(What you have to do):
All of the data that follows is to be written out exactly, with images excluded.

(Data):
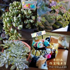 こちら全国2位の猛暑(38.4度)の中 700picに到達しました·····フェーン半端ないっす [エアコン]≡ ('、3_ヽ)_ コメントの返信またしても停滞させてしまって申し訳ありません ↖️トトの日も参加 タイヨウちゃんトトピックが優しく見守ってる真夏のシワった碧魚連もまたオツでしょう♪ ↗️水切れと暑さで多少ヘタってるけど咲き始めた紀ノ川 いつものをひとつ·····⬇ (」゚Д゚) クラッスラが好きだーーー! ↙️月影(エレガンス)も好きだーーー! ↘️700picだし、プレ企画しちゃおうと思ってソクニャン増産していたのですが、猫たちに阻まれ(𐤔言い訳)もうちょっとしたらやりますから(笑) えぇ、コメ返溜めてますけど… うちの猫たちとても仲が悪いので普段は同じテーブルにいる事など殆どありませぬ 寛いでる風を装ってますがバチバチ 700丁度にプレ企画出来なくても気にならないO型ですので、キチンとしたいタイプの方々をムズムズさせてゴメンナサイ
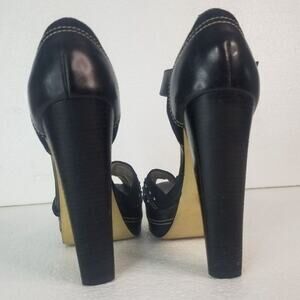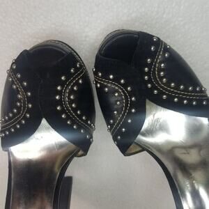 MICHAEL Michael Kors Peep Toe Black Platforms Heels Metal Detail Size 6.5
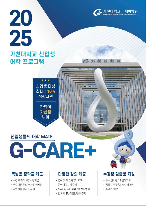 신입생 여러분들이 입학부터 졸업까지 Global Leader로 성장하는데 도움을 줄 수 있도록 개설된 영어 프로그램입니다. G.CARE+과정은 수준별 수업을 진행하며, 정슈수업 외에 여유시간을 활용하여 학습할 수 있습니다.
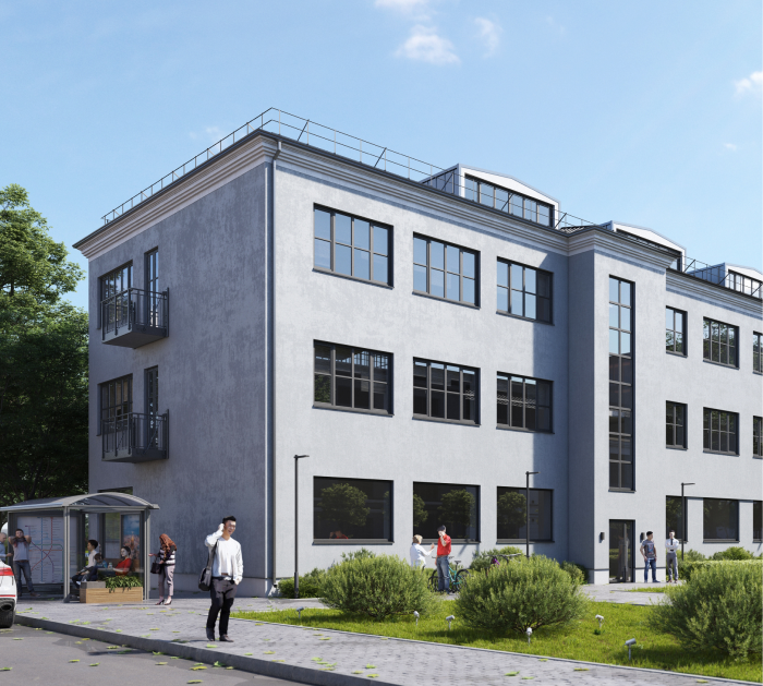 Корпус предполагает размещение street-retail’а на первом этаже и офисных пространств на втором, третьем и четвертом. Первая часть будет введена в эксплуатацию во II квартале 2023 года.

(Problem solution):
 こちら全国2位の猛暑(38.4度)の中 700picに到達しました·····フェーン半端ないっす [エアコン]≡ ('、3_ヽ)_ コメントの返信またしても停滞させてしまって申し訳ありません ↖️トトの日も参加 タイヨウちゃんトトピックが優しく見守ってる真夏のシワった碧魚連もまたオツでしょう♪ ↗️水切れと暑さで多少ヘタってるけど咲き始めた紀ノ川 いつものをひとつ·····⬇ (」゚Д゚) クラッスラが好きだーーー! ↙️月影(エレガンス)も好きだーーー! ↘️700picだし、プレ企画しちゃおうと思ってソクニャン増産していたのですが、猫たちに阻まれ(𐤔言い訳)もうちょっとしたらやりますから(笑) えぇ、コメ返溜めてますけど… うちの猫たちとても仲が悪いので普段は同じテーブルにいる事など殆どありませぬ 寛いでる風を装ってますがバチバチ 700丁度にプレ企画出来なくても気にならないO型ですので、キチンとしたいタイプの方々をムズムズさせてゴメンナサイ
 MICHAEL Michael Kors Peep Toe Black Platforms Heels Metal Detail Size 6.5
 신입생 여러분들이 입학부터 졸업까지 Global Leader로 성장하는데 도움을 줄 수 있도록 개설된 영어 프로그램입니다. G.CARE+과정은 수준별 수업을 진행하며, 정슈수업 외에 여유시간을 활용하여 학습할 수 있습니다.
 Корпус предполагает размещение street-retail’а на первом этаже и офисных пространств на втором, третьем и четвертом. Первая часть будет введена в эксплуатацию во II квартале 2023 года.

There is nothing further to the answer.